If the ZPA (zone of polarizing activity) is transplanted from the posterior margin of one limb bud to the anterior margin of another, what develops?
AThe host limb develops normally — the ectopic ZPA has no effect
BA mirror-image duplication of digits forms, with the ectopic ZPA inducing posterior-type digits (like digit 4 and 5) at the anterior margin, producing a limb with digits arranged 5-4-3-2-3-4-5
CThe entire limb bud degenerates due to conflicting signals
DA second complete limb grows from the transplant site
This classic experiment by Saunders and Gasseling (1968) demonstrated that the ZPA is the source of anterior-posterior patterning information. The ZPA produces Sonic Hedgehog (Shh), which forms a posterior-to-anterior gradient that specifies digit identity. Transplanting the ZPA to the anterior creates a second, opposing Shh gradient, producing mirror-duplicated digits. Cells near either ZPA receive high Shh and become posterior digits (4, 5); cells between the two sources receive intermediate levels and form digit 3. This experiment proved that a single morphogen gradient can specify the identity of five different digits.
Question 2 True / False
The AER (apical ectodermal ridge) is required only for the initial stages of limb outgrowth; once the limb bud is established, removing the AER has no effect.
TTrue
FFalse
Answer: False
Removing the AER at progressively later stages produces progressively more complete but still truncated limbs. Early removal produces a limb with only a humerus; later removal produces humerus + radius/ulna; even later removal produces those plus some carpals but no digits. This demonstrates that the AER is continuously required for distal outgrowth — FGF signals from the AER maintain the underlying mesenchyme in a proliferative, undifferentiated state. As the limb grows, proximal structures differentiate first (they are farthest from the AER's FGF signal), while distal structures form last. Removing the AER at any point truncates all structures that have not yet been specified.
Question 3 Short Answer
How do the AER, ZPA, and dorsal ectoderm maintain each other through reciprocal signaling?

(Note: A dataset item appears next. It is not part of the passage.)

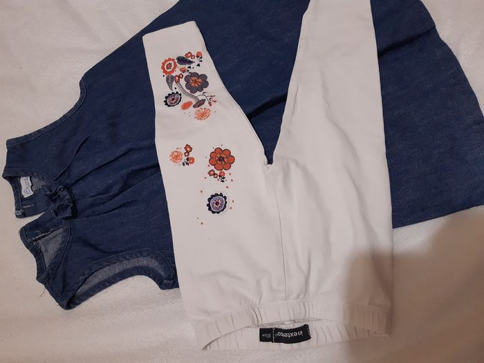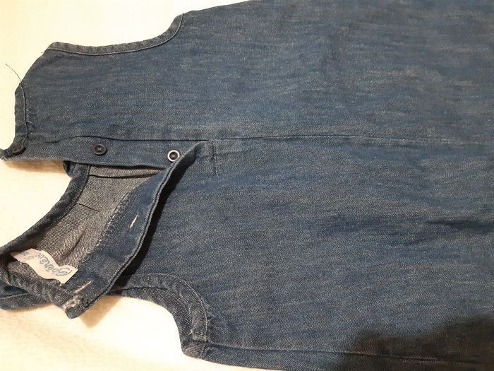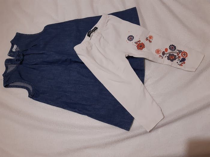 Robe sans manches en jean souple et leggings. Taille 18 mois.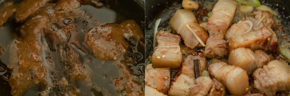Để một ít dầu ăn trong chảo, thêm đường vào đun ở lửa nhỏ cho đường tan chảy và chuyển màu cánh gián. Thêm thịt chiên vào đảo đều cho thịt phủ đều màu đường.

Think about your answer, then reveal below.
Model answer: The three signaling centers form a mutually reinforcing loop: FGF from the AER maintains Shh expression in the ZPA; Shh from the ZPA maintains FGF expression in the posterior AER (via Gremlin-mediated BMP inhibition); and Wnt7a from the dorsal ectoderm maintains Shh expression in the ZPA. Disrupting any one center collapses the others. For example, removing the AER eliminates FGF, which leads to loss of Shh in the ZPA, which leads to loss of posterior AER maintenance — the entire patterning system disintegrates. This reciprocal dependence ensures that limb growth and patterning are tightly coordinated and that all three axes are specified simultaneously.
This tripartite signaling loop is a beautiful example of developmental robustness through interdependence. The mutual maintenance ensures that the patterning system operates as a coherent unit — you cannot pattern one axis without the others, preventing malformed partial limbs.